Justin Rudd did some research on a caching product called Coherence. Interesting…I wasn’t aware of any such product.
The part of his post that got me thinking was when he was talking about two different types of caches – “Replicated” and “Distributed” (I actually find the term “distributed” for the second type to be somewhat misleading). I got to thinking about what kinds of data you could safely store in each type of cache.
Justin defines the replicated cache:
A replicated cache is where every web server (or app server) has a cache. Then when an entry is added or removed, a multicast packet is sent out and all the other caches update themselves.
And notes that it suffers from the race conditions and other problems previously mentioned. But what kind of data could we store in this kind of cache? Read-only data, of course…but what about read/write data?
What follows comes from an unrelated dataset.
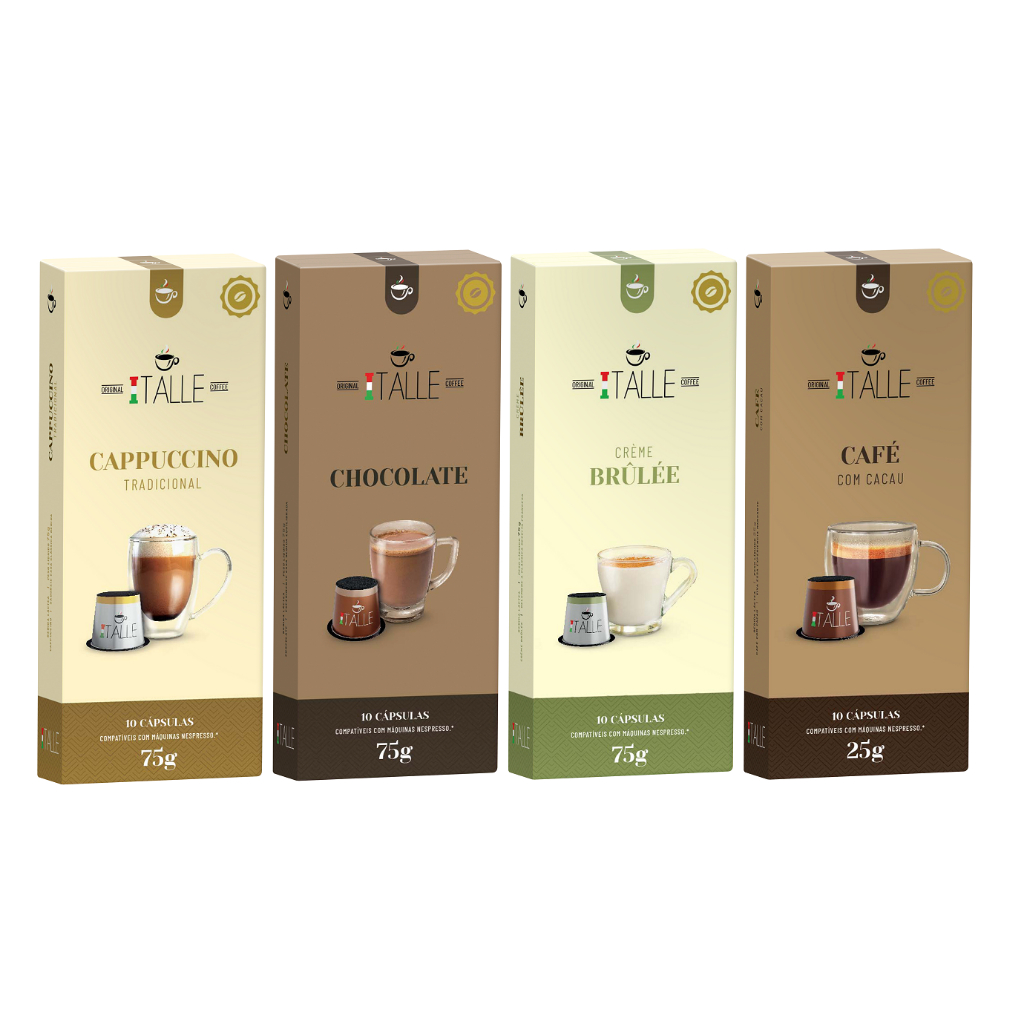 CAPSULAS COMPATIVEIS COM TODAS AS MAQUINAS NESPRESSO OBS: - NÃO É COMPATÍVEL COM A MÁQUINA VERTUO E VERTUO POP DELTA Q TRES CORAÇOES. KIT 40 CÁPSULAS COMPATÍVEL COM NESPRESSO - 10 cápsulas Creme Brulee - 10 cápsulas Chocolate - 10 cápsulas Cappuccino - 10 cápsulas Café Cacau CREME BRULEE CAFE ITALLE Café Italle Sabor Crème Brûlèe Um das receitas mais clássicas da França direto para o seu paladar. Nosso Crème Brûlée traz a máxima cremosidade com o toque delicioso da baunilha para te surpreender. Prove também com um toque de canela em pó, para um sabor ainda mais elaborado. CAPPUCCINO TRADICIONAL ITALLE: O cappuccino Italle é ideal para os fãs dessa bebida que conquistou o mundo. Nossas cápsulas combinam com café, chocolate e leite da mais alta qualidade, com o toque certo de canela, proporcionando a cremosidade perfeita para qualquer momento do dia. Deixe sua bebida ainda mais gostosa adicionando chantily e um toque de achocolatado em pó. CHOCOLATE CAFE ITALLE O clássico chocolate quente, cremoso e delicioso, para envolver seu paladar. Nossa versão traz o melhor do cacau brasileiro, com leite de alta qualidade, para que você saboreie uma bebida equilibrada e surpreendente. Finalize com um pouco de chantili para potencializar ainda mais a textura. CAFÉ COM CACAU ITALLE: Prove nossa versão Café com Cacau, que une o sabor marcante do café com um delicioso toque de chocolate, surpreendendo no paladar. Adicione leite para potencializar a cremosidade da bebida. Experimente seu momento Italle! Experimente seu momento Italle! ALÉRGICOS: CONTÉM LEITE E DERIVADOS, E DERIVADOS DE SOJA.

For this type of cache, any data for which outdated data is acceptable would be a candidate. My referrer log data for posts, for example. It’s not going to kill me if this data is slightly out of date. But in many cases, with complex inter-related data, I don’t think it’s always trivial to determine if stale data really is acceptable. In some cases you might have to cache related data as well, so you always have a consistent view of the world (albeit outdated).
The second type of cache, the “distributed” cache, is where there is a central cache server (or cluster of them) between the code and the database. Justin talks here about caching data from multiple tables, or multiple systems, even with data that requires transactional integrity. This cache type seems workable for some scenarios, but the transactional issue is more interesting.
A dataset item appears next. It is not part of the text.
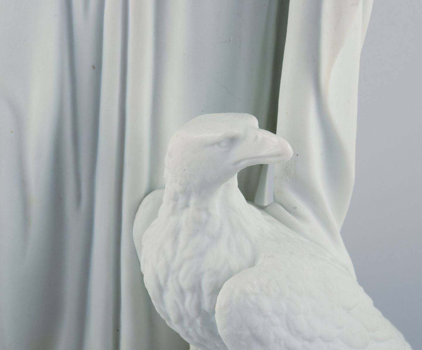 Bing & Grondahl, Thorvaldsen sculpture in biscuit in the shape of Apostle Johannes. Originally made by Pietro Marchetti. With the eagle and the Book of Revelation, 1870/80s.

You could only use such a cache for transactional data in the case where the underlying cached data is never updated from another source. If your cache has a stale view of data, then transactional integrity goes right out the window. This rules out many legacy systems, as these systems are typically being updated from legacy sources as well as the new code. And even for the single data source, multiple table case, this implies that all N tables involved are ONLY updated via the cache. This is a pretty tough constraint to put on an architecture.
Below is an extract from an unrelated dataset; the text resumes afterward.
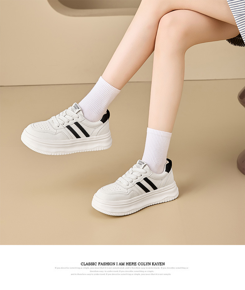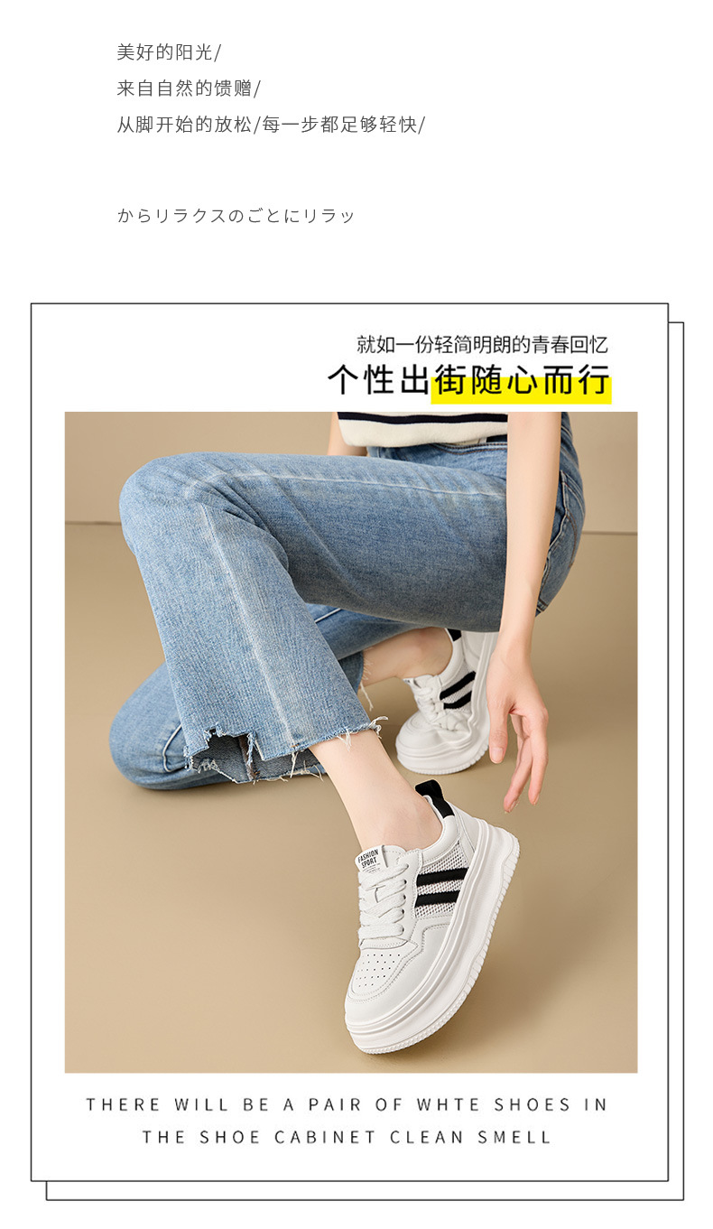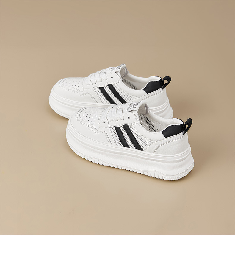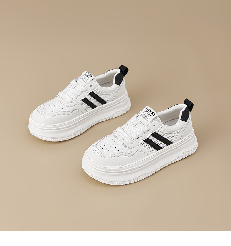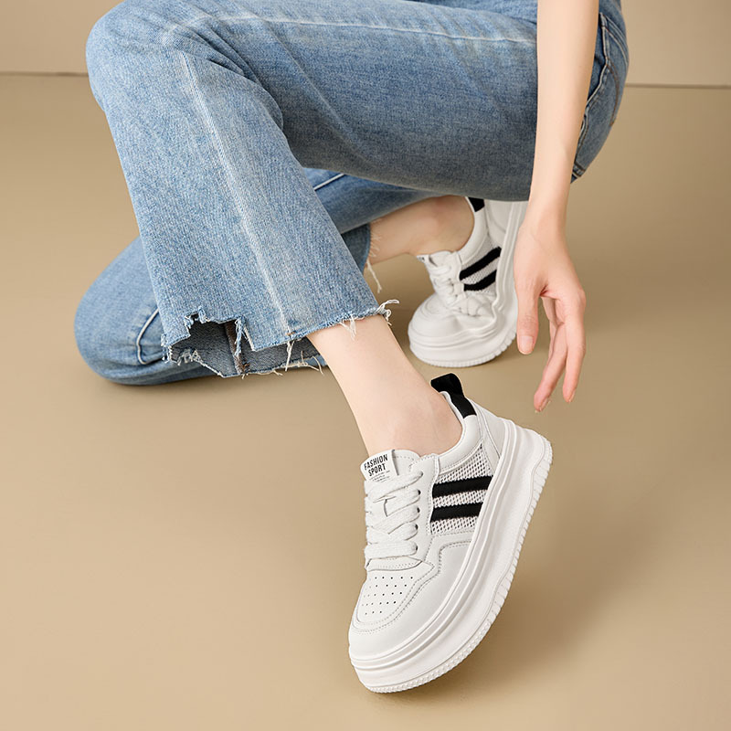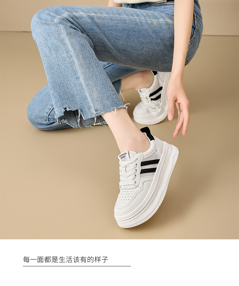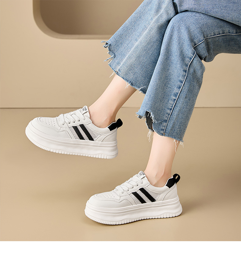 여성을 위한 천연 가죽 두꺼운 밑창 흰색 신발, 다용도 메쉬 통기성 운동화, 2025 여름 신작 캐주얼 신발 및 운동화스토어 가기

For the sake of argument, let’s say we’re ok with this, and the cache will be the single source of updates. Then we get into the locking issues. I don’t think you can simply lock a single cache entry – it depends on the underlying data layout. For a single-table cache object, maybe…but the more general case gets complicated. Cases come to mind where locking one cache object might require locks on other cache objects, and figuring out which ones would not be trivial. To avoid having to determine which other (seemingly unrelated to the current operation) objects would need to be locked, one would have to design the objects to the very granular. For example, all updates to a customer would have to go through a single object instance.
So to ensure integrity of our data representation, all updates to customer A must go through cache object A. This is a pretty serious concurrency constraint. What I could end up with is multiple requests from multiple servers, all trying to lock a single object on a single server. This is pretty much the number one killer to scalability…
Most transactional systems I have come across or worked on tend to map objects to verbs, rather than nouns. And verb-objects don’t lend themselves to caching – caching is all about maintaining state, and verb-objects generally don’t maintain state. Especially across transaction boundaries. Thoughts?